Yeah. I asked myself, "why not?" and noticed io.lines() wasn't going to be stock.

>  But allowing arbitrary Lua coroutines (is that what you mean by
> "tasklet"?) will be challenging to get right.  

I don't actually know what I mean by "tasklet". :-)

The interesting problem is to allow arbitrary Lua pipeline members to have access to globals. The easy thing to do for pipeline members is fork(), but that breaks the code fragment above. The table named "list" remains empty. 

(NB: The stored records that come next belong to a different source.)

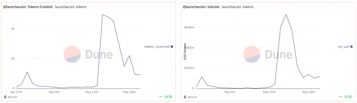 Equally, the variety of newly created tokens per day has fallen from 4,977 on March 13 to 1,134 by Might 20.
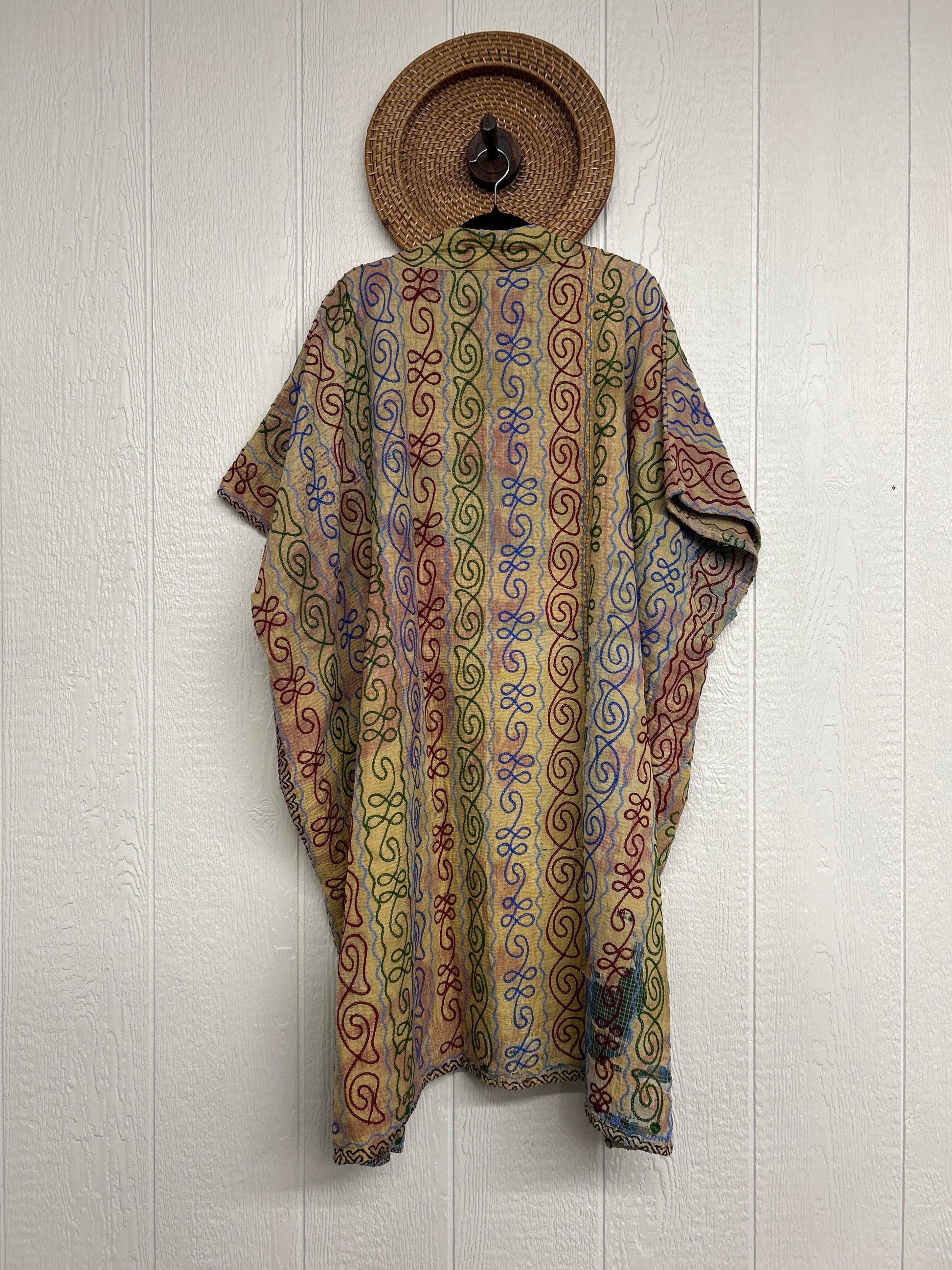 Crafted from hand embroidered fine kantha features a v neckline and interior pockets and side slits for extra dimension.
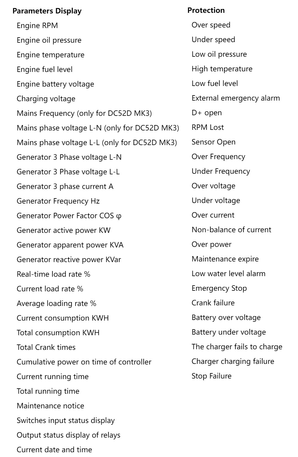 DC52D MK3: Based on DC50D MK3, it adds Mains monitoring and AMF (Mains/Generator automatic switching control), especially suitable for the automation system composed by mains and genset.
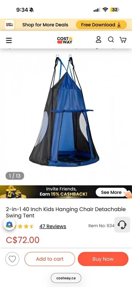 2-in-1 swing tent and hanging chair. Brand new, Costway product. New sells for over $70 plus tax. Price is firm. Pickup is Wellington Street S, Hamilton. Cash only!
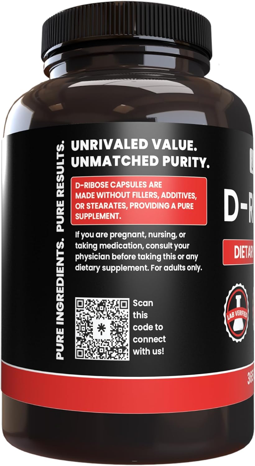 Pure Original Ingredients D-Ribose (365 Capsules) No Magnesium Or Rice Fillers, Always Pure, Lab Verified
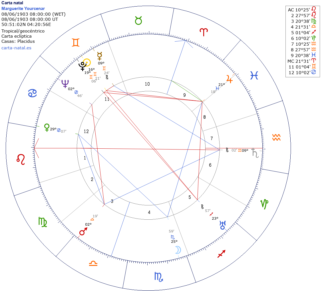 Marguerite Yourcenar nació el 8 de Junio de 1903 a las 08:00:00 en Brussels (Bruselas Capital), Bélgica
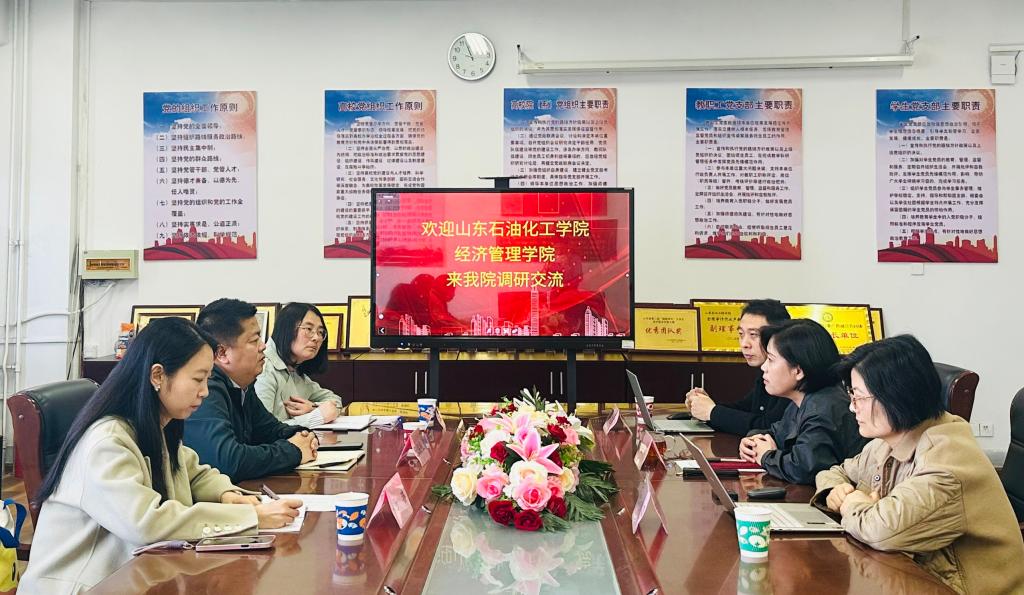 3月25日上午,山东石油化工学院经济管理学院副院长张朋程、经济管理系主任闫光芹、财务管理教研室主任杨琳一行来我院就专业建设情况进行调研交流。学院院长连华主持座谈会,财务管理教研室主任侯国栋、骨干教师李秀萍参加座谈。
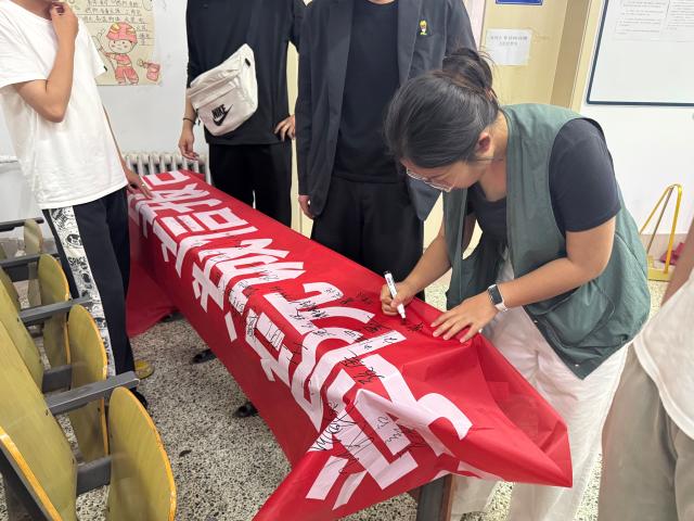 本次活动围绕横幅签名、诚信承诺书签订两大核心环节展开。活动伊始,邹晓凤结合实际案例,阐述了诚信还贷对个人信用体系建设的重要意义,同时告诫毕业生们诚信是立身之本,在未来的人生道路上,要时刻以诚信为帆,积极回馈社会,做新时代诚信美德的传承者与践行者。随后,毕业生们有序走到横幅前,一笔一划地在横幅上签下自己的名字。每一个签名,都饱含着对诚信还款的郑重承诺。签名完成后,享受资助的毕业生们以严肃、负责的态度在《资助诚信承诺书》上签下自己的名字,将诚信的种子深植心中。
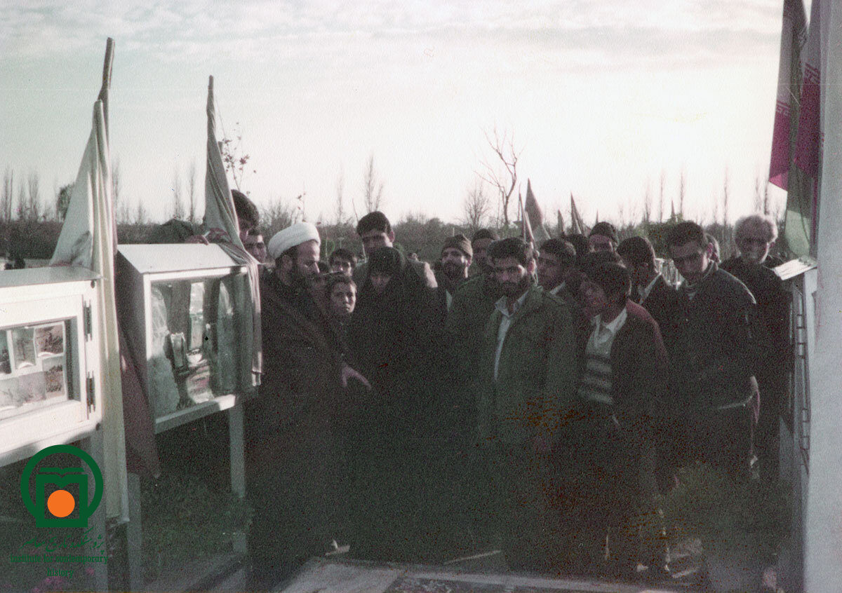 حضور زندهیاد حجتالاسلام والمسلمین جعفر شجونی در گلزار شهدای کرج (سال 1363)
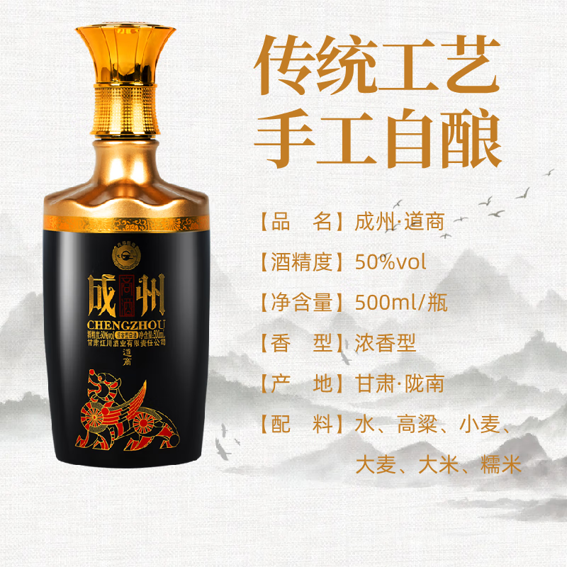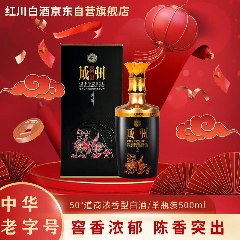 红川 2017年成州道商浓香型白酒50度高度白酒甘肃纯粮酒500ml单瓶装价格:369.00元!
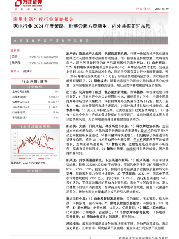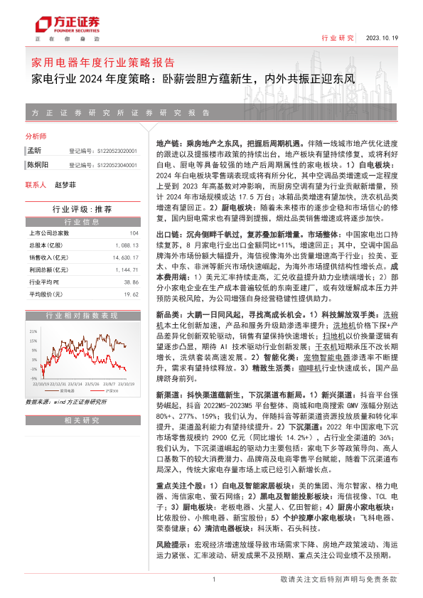 【方正证券】【20231019】家电行业2024年度策略:卧薪尝胆方蕴新生,内外共振正迎东风-41页
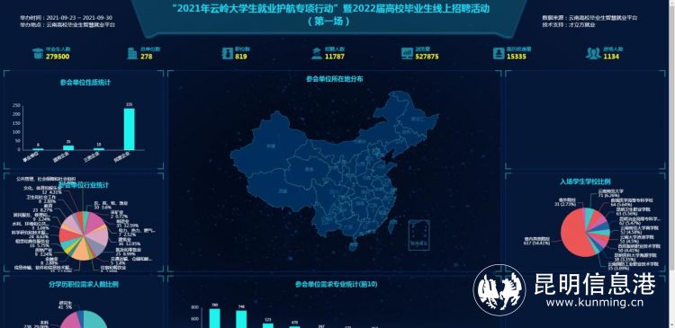 昆明信息港讯 记者戴云 9月23日—29日,第一场“2021年云岭大学生就业护航专项行动暨2022届高校毕业生线上招聘活动”在云南高校毕业生智慧就业平台成功举办。来自省内外近300家用人单位及近30000余名毕业生参加,发布职位数819个,招聘人数达11787人次,投递简历15330余份,浏览量突破五十余万次。

As you're about to point out, this is not a problem in this particular example. It isn't for any pipeline with exactly one Lua function source or one Lua function sink. You can't popen a process for both reading and writing, so you can't build general pipelines with Lua intermediates with just popen().

The big reason you can't popen a process for both reading and writing is probable deadlock with blocking I/O primitives. It's not a problem with independent processes hooked together by pipe(), and that's because Unix's design is just magic. You don't need non-blocking I/O and select() until you get to this kind of tricky, deadlock-y case. Unix was not designed for in-process coroutines.

Signal handling seems like the other looming disaster for this edition of /usr/bin/luash (PowerShell meets /usr/bin/es?) but it probably seems that way to me because I'm rusty on how shells implement signal handling.